Symptomatic VHL can include vision loss. Retinal capillary hemangioblastomas are usually located in the peripheral retina or in the juxtapapillary region. Multiple lesions can be present in both eyes, but often there is asymmetry between the two eyes. These lesions are red-orange, well-circumscribed vascular tumors with a large feeder vessel and a large draining vessel. They can grow on the surface of the retina (endophytic) or within the retina (exophytic). Vision loss results either from exudation of fluid into the macula or from glial proliferation. Exudation can cause an exudative retinal detachment, whereas glial proliferation can cause tractional retinal detachment or macular pucker. Vitreous hemorrhage, iris neovascularization with glaucoma or cataracts may also be seen. Extraocular signs and symptoms include headache, vomiting and ataxia seen with cerebellar hemangioblastomas; constant or transient hypertension seen with pheochromocytomas; and hearing loss seen with endolymphatic sac tumors.

Differential Diagnosis

The differential diagnosis for RCH includes Coats disease, Wyburn-Mason syndrome, vasoproliferative tumors of the retina, retinal cavernous hemangioma and racemose hemangioma. With these other entities, the main distinguishing characteristic is the lack of a large feeder vessel leading to the lesion. With juxtapapillary and endophytic RCH, other entities to be considered are disc edema, ischemic optic neuropathy and choroidal neovascularization. In the past, the diagnosis of VHL was based on two criteria: a positive family history with one or more typical lesions, or no family history but two or more retinal lesions or one retinal and one other visceral lesion.

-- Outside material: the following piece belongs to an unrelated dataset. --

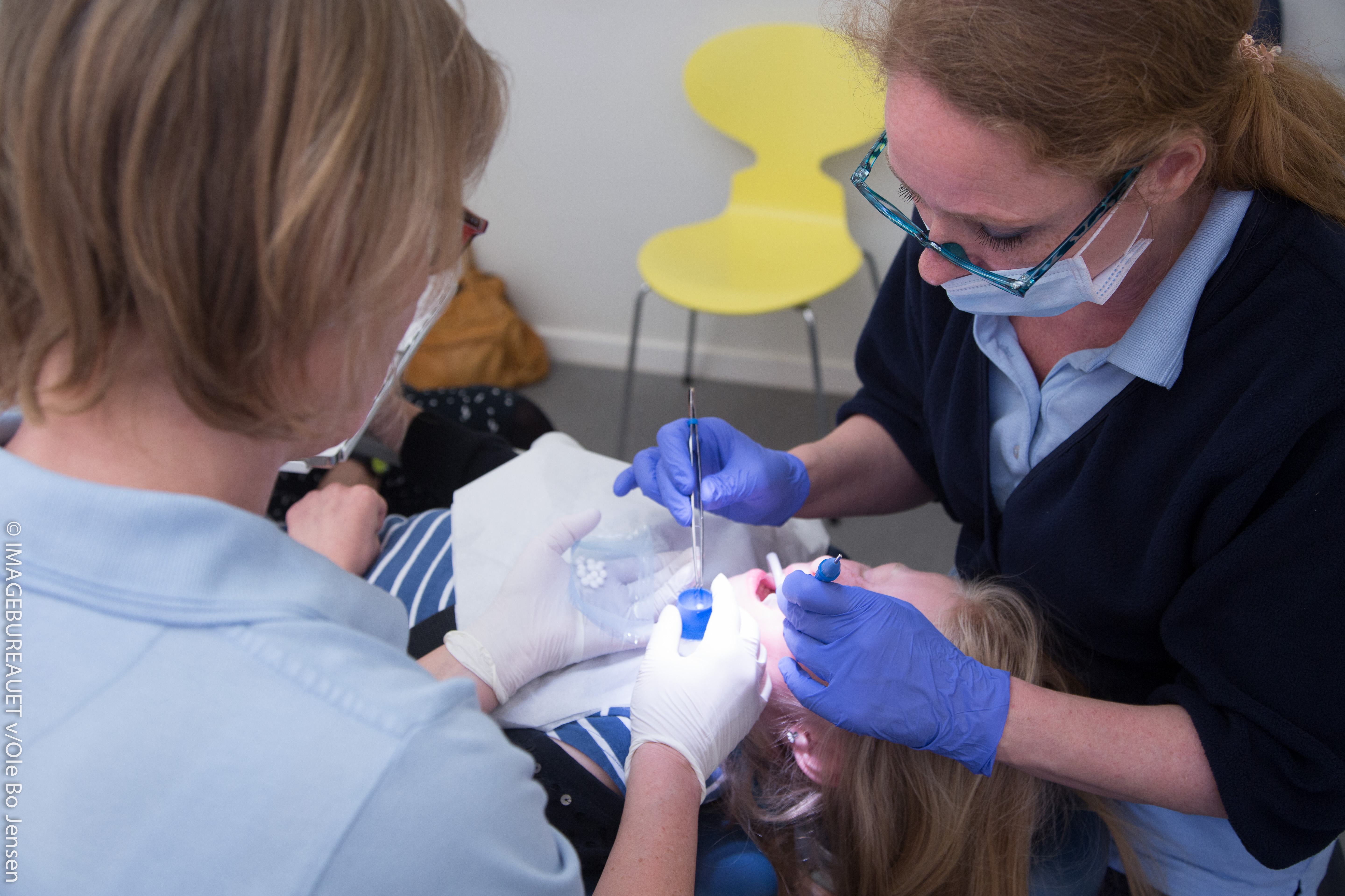 Inden der fyldes med plast, smører tandlægen hullet med forskellige væsker, der får plasten til at lime til din tand. Det er klinikassistenten, der rækker de forskellige ting til tandlægen, da det er meget vigtigt, at tanden samtidig holdes helt tør, så plasten klistrer bedst muligt til tanden.

Definite diagnosis of VHL now is mainly done by gene analysis. Given our current genetic testing, those with only one VHL-like lesion and a negative gene analysis are effectively ruled out from having VHL disease, although in some cases somatic mosaicism for the gene mutation is still a possibility; these patients should be monitored. In general, a younger person with one or more VHL-like lesions is more likely to have VHL than an older person with only one lesion.

Screening

The VHL gene is the only gene known to be associated with VHL disease, and current molecular testing detects the mutation in nearly 100 percent of those with the disease. This allows physicians to direct the extensive screening process only to those who actually manifest the germline mutation.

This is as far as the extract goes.